== Segment start ==

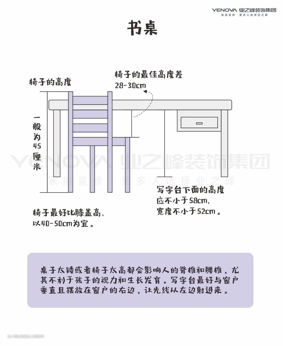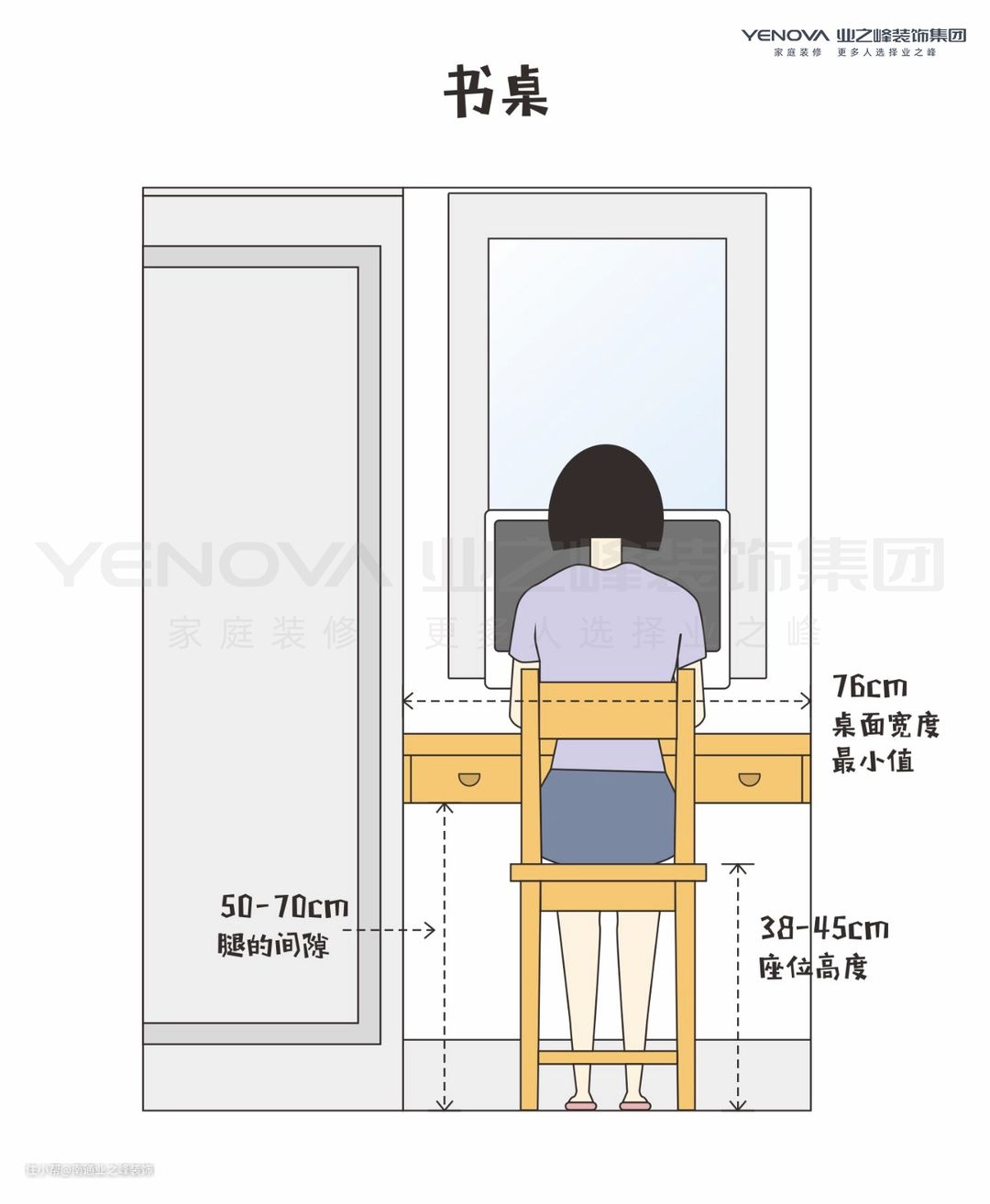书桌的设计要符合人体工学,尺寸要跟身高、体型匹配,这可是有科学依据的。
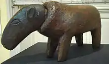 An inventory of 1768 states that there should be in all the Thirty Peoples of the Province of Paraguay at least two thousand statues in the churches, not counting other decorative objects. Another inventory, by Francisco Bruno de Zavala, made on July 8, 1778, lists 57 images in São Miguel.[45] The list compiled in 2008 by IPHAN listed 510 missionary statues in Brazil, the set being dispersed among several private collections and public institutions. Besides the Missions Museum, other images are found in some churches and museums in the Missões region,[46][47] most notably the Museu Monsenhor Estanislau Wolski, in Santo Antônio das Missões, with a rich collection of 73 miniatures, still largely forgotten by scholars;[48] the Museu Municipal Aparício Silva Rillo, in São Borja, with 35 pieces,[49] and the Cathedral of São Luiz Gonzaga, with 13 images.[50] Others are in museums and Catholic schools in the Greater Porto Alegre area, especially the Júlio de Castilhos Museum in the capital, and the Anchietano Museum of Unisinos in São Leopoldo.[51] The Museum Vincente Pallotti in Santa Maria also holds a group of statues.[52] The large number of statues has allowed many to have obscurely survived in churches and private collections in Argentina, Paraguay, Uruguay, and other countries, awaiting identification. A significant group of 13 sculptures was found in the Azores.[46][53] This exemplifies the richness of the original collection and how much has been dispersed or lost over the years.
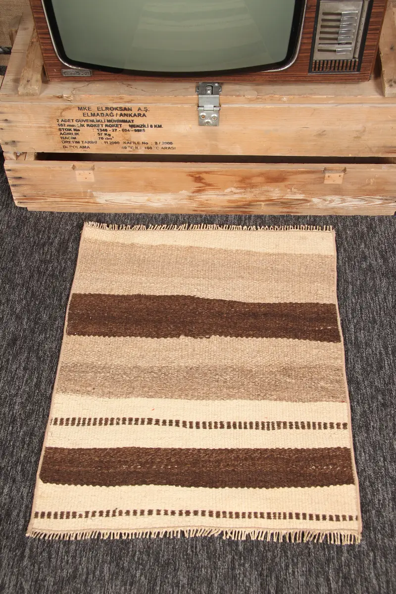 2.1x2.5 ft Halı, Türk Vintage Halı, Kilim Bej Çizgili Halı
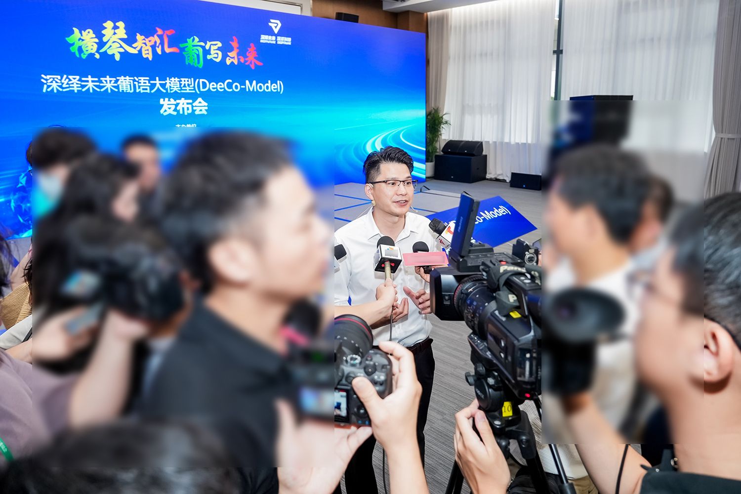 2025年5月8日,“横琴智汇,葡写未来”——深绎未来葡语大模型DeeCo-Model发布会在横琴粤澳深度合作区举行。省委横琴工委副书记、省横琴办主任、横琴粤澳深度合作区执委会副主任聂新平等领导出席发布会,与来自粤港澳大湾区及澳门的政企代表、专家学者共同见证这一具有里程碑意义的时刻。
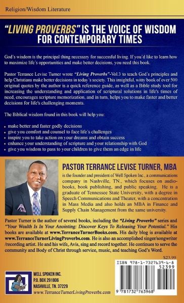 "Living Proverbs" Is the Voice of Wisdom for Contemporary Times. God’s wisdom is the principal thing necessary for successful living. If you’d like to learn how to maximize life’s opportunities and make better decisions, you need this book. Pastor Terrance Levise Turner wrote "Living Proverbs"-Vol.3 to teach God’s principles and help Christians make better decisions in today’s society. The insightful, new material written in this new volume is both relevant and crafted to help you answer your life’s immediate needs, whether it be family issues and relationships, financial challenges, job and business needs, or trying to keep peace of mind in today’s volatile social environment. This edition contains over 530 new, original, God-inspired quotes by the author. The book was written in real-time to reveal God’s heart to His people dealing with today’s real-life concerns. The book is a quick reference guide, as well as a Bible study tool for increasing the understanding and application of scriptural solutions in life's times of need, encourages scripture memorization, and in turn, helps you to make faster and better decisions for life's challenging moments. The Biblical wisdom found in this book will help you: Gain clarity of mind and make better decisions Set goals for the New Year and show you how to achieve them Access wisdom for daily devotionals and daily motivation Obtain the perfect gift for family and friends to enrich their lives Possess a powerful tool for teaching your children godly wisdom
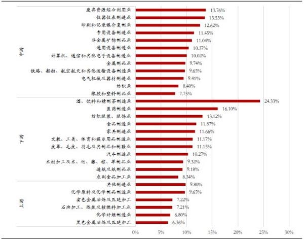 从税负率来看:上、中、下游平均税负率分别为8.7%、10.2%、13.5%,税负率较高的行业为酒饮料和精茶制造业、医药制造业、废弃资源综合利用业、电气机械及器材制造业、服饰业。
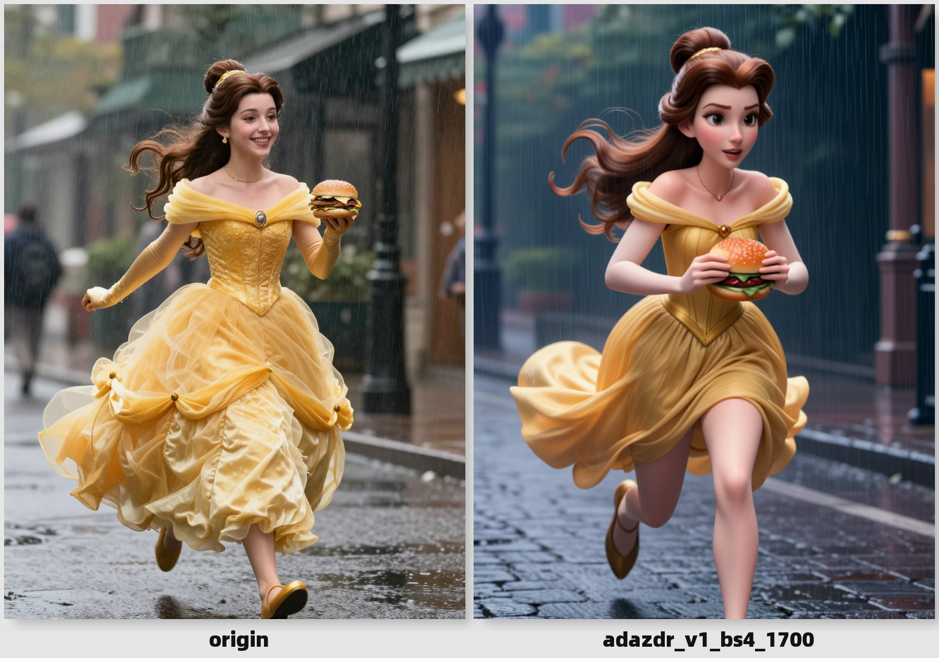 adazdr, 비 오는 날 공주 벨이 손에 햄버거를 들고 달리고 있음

== Segment end ==
== Segment start ==

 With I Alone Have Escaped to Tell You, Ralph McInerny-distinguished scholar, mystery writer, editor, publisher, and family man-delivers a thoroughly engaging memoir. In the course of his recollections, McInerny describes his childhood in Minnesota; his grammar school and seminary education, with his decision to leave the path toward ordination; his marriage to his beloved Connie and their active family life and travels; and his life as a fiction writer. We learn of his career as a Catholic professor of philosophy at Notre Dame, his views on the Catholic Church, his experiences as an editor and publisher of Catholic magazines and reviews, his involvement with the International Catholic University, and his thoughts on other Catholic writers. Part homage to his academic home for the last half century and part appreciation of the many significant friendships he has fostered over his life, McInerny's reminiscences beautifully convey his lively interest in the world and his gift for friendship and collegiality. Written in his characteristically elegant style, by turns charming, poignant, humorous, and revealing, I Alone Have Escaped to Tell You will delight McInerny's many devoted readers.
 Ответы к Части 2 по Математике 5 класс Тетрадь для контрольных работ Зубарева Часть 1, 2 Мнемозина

== Segment end ==

- **Task requirements**
Repeat, without pictures, exactly the lines of the data above from the one containing "从税负率来看:上、中、下游平" through the one containing "adazdr, 비 오는 날 공주 벨이 손에 햄버거를 들고 달리고 있음", including both and adding nothing.

- **Output of the exercise**
 从税负率来看:上、中、下游平均税负率分别为8.7%、10.2%、13.5%,税负率较高的行业为酒饮料和精茶制造业、医药制造业、废弃资源综合利用业、电气机械及器材制造业、服饰业。
 adazdr, 비 오는 날 공주 벨이 손에 햄버거를 들고 달리고 있음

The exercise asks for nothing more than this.